■ Your objective:
Copy out exactly the lines spanning the line with "Von hier aus" to the line with "Verschönern Sie Ihre", inclusive, from the data underneath, with no pictures.

■ Supplied records:

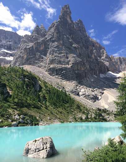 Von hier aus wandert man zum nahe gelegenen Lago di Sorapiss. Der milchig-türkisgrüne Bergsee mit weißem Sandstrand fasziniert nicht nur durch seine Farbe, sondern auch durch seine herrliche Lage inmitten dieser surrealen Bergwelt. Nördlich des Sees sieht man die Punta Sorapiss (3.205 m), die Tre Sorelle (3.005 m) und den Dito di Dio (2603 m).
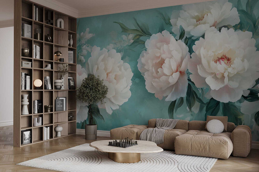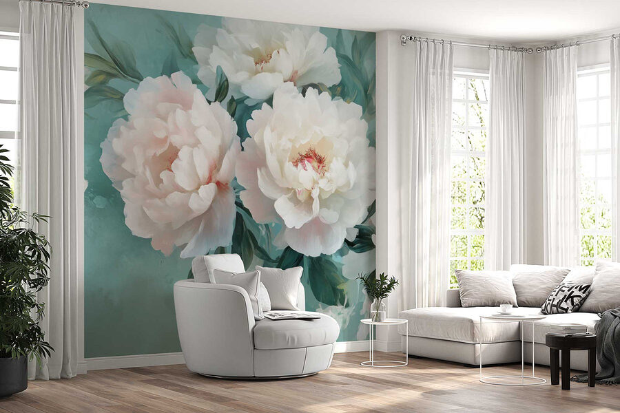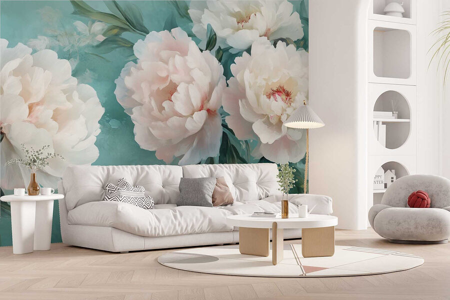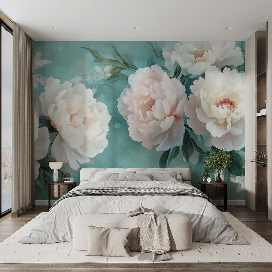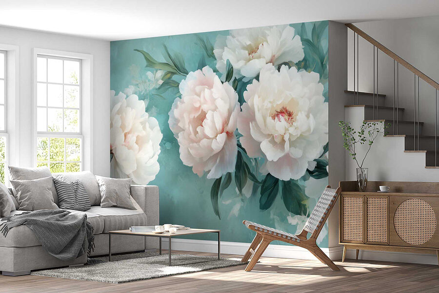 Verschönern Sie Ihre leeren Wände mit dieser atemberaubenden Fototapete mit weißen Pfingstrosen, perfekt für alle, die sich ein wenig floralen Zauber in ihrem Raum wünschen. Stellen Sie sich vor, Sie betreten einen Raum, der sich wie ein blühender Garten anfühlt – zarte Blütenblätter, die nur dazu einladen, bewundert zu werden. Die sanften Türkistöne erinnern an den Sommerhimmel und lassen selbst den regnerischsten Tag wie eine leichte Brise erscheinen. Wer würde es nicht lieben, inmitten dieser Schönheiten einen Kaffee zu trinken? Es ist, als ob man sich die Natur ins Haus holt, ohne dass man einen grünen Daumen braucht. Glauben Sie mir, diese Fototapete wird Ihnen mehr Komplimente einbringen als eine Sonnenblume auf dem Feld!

--

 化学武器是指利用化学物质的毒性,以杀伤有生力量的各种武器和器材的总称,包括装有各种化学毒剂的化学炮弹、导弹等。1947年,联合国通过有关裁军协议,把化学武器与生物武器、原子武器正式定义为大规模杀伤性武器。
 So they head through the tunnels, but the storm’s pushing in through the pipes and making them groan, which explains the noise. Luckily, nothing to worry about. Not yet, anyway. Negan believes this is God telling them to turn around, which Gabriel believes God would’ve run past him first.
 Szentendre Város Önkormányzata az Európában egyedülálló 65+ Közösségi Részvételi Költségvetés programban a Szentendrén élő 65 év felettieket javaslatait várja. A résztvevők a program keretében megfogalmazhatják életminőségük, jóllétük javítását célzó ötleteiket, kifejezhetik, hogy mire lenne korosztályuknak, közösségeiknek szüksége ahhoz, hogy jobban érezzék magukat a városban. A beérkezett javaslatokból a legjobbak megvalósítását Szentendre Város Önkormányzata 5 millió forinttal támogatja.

==

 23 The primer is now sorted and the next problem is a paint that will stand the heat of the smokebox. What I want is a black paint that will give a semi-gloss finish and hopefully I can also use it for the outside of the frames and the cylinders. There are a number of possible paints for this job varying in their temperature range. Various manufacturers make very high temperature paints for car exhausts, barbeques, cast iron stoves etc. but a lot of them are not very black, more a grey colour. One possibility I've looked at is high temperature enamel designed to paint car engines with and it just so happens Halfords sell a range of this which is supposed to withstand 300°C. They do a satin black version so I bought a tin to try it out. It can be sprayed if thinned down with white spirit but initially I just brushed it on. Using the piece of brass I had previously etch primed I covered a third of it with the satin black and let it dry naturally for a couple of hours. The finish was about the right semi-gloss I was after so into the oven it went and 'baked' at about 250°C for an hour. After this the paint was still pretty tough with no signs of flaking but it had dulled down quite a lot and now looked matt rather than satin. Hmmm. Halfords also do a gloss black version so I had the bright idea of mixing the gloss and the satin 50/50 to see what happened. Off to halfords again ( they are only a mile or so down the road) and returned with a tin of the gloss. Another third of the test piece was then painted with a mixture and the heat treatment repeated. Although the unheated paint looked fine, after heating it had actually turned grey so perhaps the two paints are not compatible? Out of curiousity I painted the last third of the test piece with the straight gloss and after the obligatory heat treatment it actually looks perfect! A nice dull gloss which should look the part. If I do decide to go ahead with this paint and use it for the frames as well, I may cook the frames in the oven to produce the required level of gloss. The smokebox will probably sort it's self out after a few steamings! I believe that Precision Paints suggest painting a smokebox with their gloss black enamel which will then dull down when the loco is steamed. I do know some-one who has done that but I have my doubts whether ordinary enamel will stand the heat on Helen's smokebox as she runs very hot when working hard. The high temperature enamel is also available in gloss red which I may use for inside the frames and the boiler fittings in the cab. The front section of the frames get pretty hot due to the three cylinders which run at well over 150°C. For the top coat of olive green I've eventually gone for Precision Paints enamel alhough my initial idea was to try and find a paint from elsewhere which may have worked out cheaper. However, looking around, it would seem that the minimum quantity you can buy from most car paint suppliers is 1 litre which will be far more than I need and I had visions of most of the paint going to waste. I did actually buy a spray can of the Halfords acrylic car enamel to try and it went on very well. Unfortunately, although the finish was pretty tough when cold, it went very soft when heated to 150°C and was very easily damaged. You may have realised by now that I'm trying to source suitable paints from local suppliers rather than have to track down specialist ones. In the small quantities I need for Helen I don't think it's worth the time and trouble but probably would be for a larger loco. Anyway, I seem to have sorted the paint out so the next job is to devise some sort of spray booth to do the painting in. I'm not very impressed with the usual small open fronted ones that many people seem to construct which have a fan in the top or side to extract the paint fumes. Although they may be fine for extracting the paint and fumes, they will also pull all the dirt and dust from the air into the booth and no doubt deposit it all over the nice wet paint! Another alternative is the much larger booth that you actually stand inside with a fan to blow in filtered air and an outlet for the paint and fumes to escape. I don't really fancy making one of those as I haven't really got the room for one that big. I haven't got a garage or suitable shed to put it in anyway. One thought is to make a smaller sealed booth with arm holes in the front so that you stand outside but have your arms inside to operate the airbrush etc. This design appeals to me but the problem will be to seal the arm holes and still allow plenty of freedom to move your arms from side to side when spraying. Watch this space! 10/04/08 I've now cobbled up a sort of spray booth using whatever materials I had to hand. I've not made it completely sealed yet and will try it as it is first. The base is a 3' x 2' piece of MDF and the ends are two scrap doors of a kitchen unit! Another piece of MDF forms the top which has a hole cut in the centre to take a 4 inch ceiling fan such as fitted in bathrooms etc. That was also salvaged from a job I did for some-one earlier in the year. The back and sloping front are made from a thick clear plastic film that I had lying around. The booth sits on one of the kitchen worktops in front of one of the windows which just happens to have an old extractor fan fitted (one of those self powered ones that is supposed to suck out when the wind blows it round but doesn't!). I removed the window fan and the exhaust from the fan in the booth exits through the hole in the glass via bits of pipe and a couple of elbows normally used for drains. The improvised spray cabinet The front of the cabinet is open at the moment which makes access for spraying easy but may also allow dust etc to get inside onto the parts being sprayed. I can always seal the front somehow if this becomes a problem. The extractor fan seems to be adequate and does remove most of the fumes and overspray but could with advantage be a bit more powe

■ Solution for this problem:
 Von hier aus wandert man zum nahe gelegenen Lago di Sorapiss. Der milchig-türkisgrüne Bergsee mit weißem Sandstrand fasziniert nicht nur durch seine Farbe, sondern auch durch seine herrliche Lage inmitten dieser surrealen Bergwelt. Nördlich des Sees sieht man die Punta Sorapiss (3.205 m), die Tre Sorelle (3.005 m) und den Dito di Dio (2603 m).
 Verschönern Sie Ihre leeren Wände mit dieser atemberaubenden Fototapete mit weißen Pfingstrosen, perfekt für alle, die sich ein wenig floralen Zauber in ihrem Raum wünschen. Stellen Sie sich vor, Sie betreten einen Raum, der sich wie ein blühender Garten anfühlt – zarte Blütenblätter, die nur dazu einladen, bewundert zu werden. Die sanften Türkistöne erinnern an den Sommerhimmel und lassen selbst den regnerischsten Tag wie eine leichte Brise erscheinen. Wer würde es nicht lieben, inmitten dieser Schönheiten einen Kaffee zu trinken? Es ist, als ob man sich die Natur ins Haus holt, ohne dass man einen grünen Daumen braucht. Glauben Sie mir, diese Fototapete wird Ihnen mehr Komplimente einbringen als eine Sonnenblume auf dem Feld!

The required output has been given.